Federal Housing Finance Agency(FHFA) is an independent regulatory agency responsible for monitoring the secondary mortgage markets  consisting of government  sponsored enterprises of  Fannie Mae, Freddie Mac and the Federal Home Loan Bank System.  FHFA with its  combined entities provide more than $5.5 trillion in funding for the U.S.  mortgage markets and financial institutions. It was created in July of 2008 under  Housing and Economic Recovery Act of 2008 and under this, the data is made available for  public use.


For this project, I used Single-Family Census Tract File from FHFA website. It consists of data thirty nine columns having detailed information such as gender, race, and age of the borrower as well as the census tract location of the property . I combined the data files from five years from 2010-2014 and final combined consisting of  more than 22 million rows and 39 columns. For analyzing such a huge data, I decided to concentrate on some key factors like age, race and gender of the borrowers and co-borrowers from all 50 states.

My aim  was to find that is there any difference between the gender, race and age profiles of borrowers  and overall trend of the home mortgage data.

First of all, data text files are available separately for Fannie Mae and Freddie Mac enterprises and  by years wise from 2014 to 2010, so I have to load the text files into the local df by year wise and check their dimensionality and repeat the process for years from 2014 to 2010.

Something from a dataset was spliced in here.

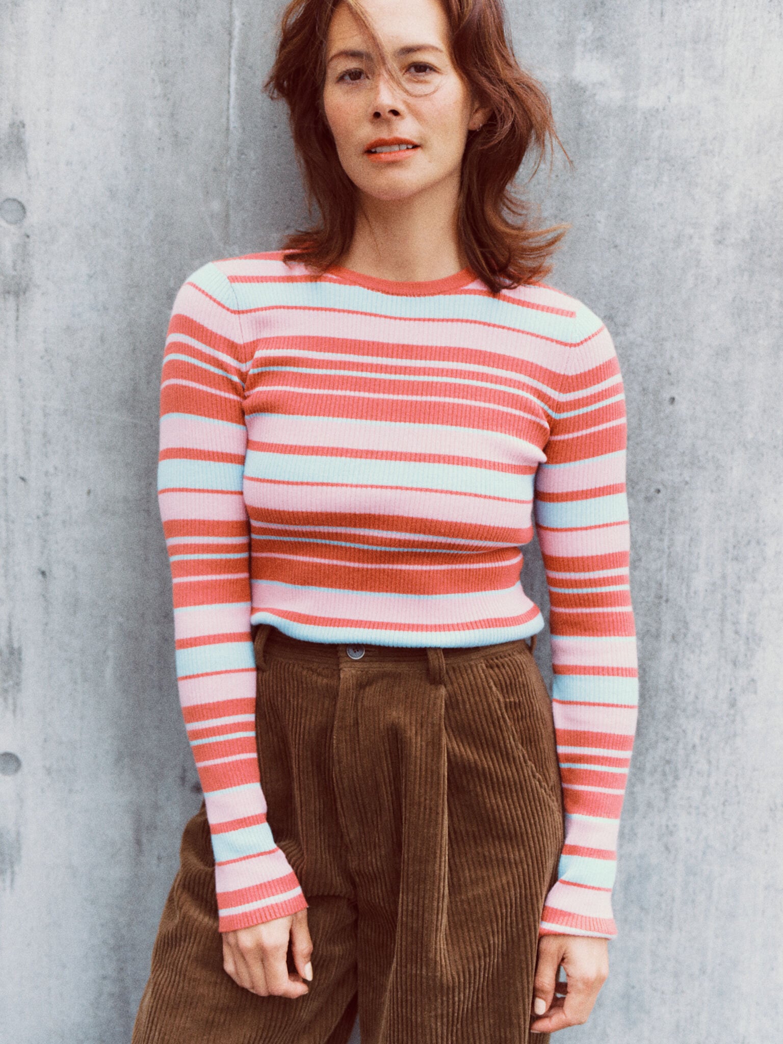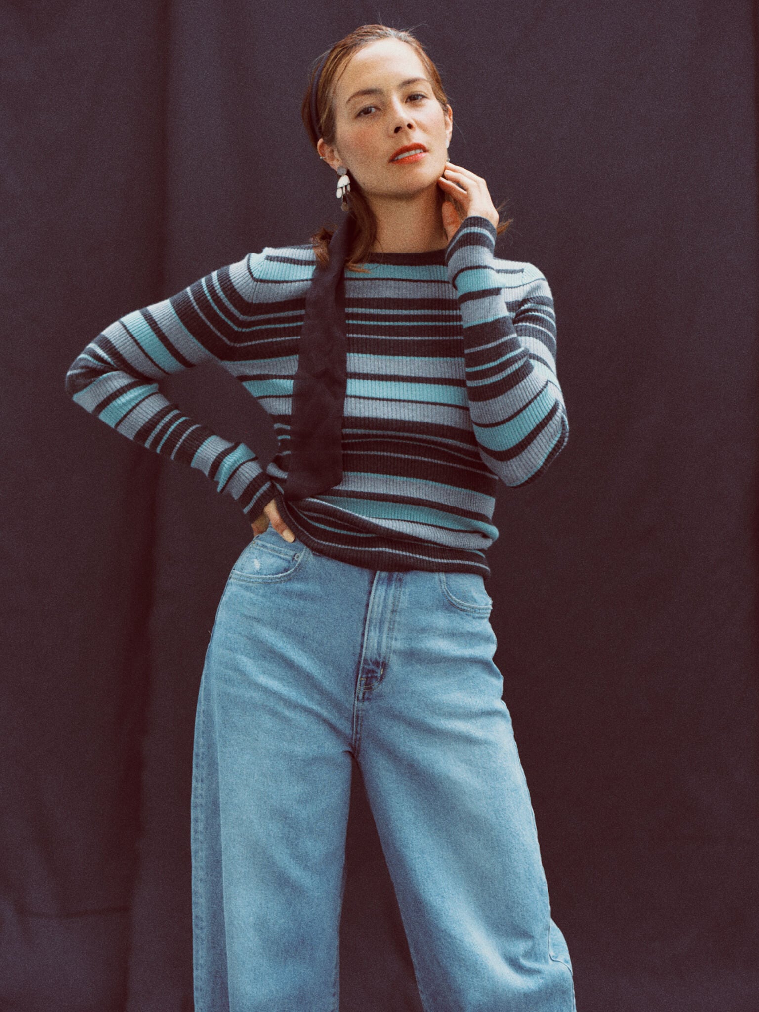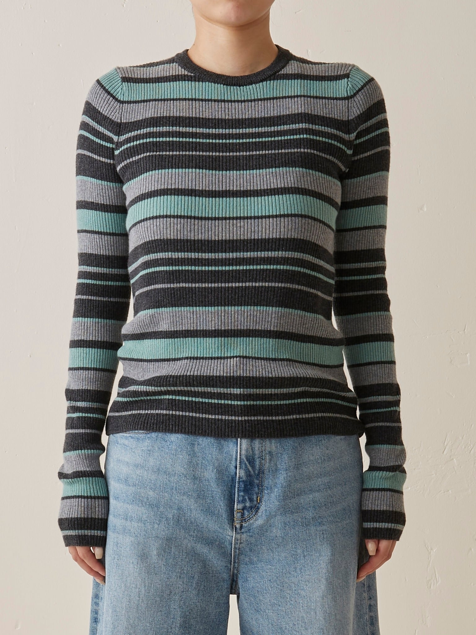 ダークトーンに染まる秋冬のワードローブには、マルチボーダーでノスタルジックな華やかさを加えて。柔らかくチクチクしないリブのニット生地は、コットンに少しのカシミヤをブレンドした糸で編み上げています。薄手なので、肌着のような感覚で着ていただけます。シルエットは程よい細身。ショルダーや腕周りにフィット感があるので、ほっそり華奢に見せてくれる効果が。今シーズンのトレンドでもあるレイヤードスタイルのベースにもぴったりです。OLIVE LONG SLEEVEのような透け感のあるモヘアニットのインに着るのもユニーク。また、ボトムはTNH MILTON JEAN のようなボリュームのあるものと相性抜群。シンプルにデニムと合わせても、マルチボーダーがコーディネートの主役になって垢抜けた印象に。カラーはブルー系を基調としたグレーマルチと、大人ガーリーな配色のピンクマルチの2色をご用意しました。コーディネートに大人の遊び心をプラスしてくれる、カラフルなリブニットです。

There are no missing values in the datasets but there are numerical codes for not available and not available values.For example , there were 171 rows out of 1.89 million rows ( less than 0.010 percent)  that have missing  state codes  in 2014 Fannie Mac data files and there were no missing state codes in Freddie Mac file in all years. Similarly for all years, Fannie Mae files have less than 0.010 percent missing state codes and surprisedly, Freddie  Mac have no missing state codes. So, for practical purposes, I decided to delete missing state codes rows than rather  imputing them.


Repeating the same steps for checking for missing of values for all other years .Finally , I bind all the rows together and final data frame contains more than $22 millions rows.


Now, I decided to created  another data frame having summary of state-wise results because Shiny web was very slow and took lot of time for loading such a large date-frame.  Also, the data contains only state codes, I have to create another table for state codename from R's  state.abb and state.name . But it has information for only 50 states . But I verified and found that our data set  contains 54 state codes , So I have to found additional codes from MSA files for DC,GUAM, ADJUNTAS MUNICIPIO and ST CROIX ISLAND . Then, I manually inserted then into the state  full name table. For finding state wise results, I decide to first group_by year, then by state code and finally by gender and summarize  the final group_by df by gender count.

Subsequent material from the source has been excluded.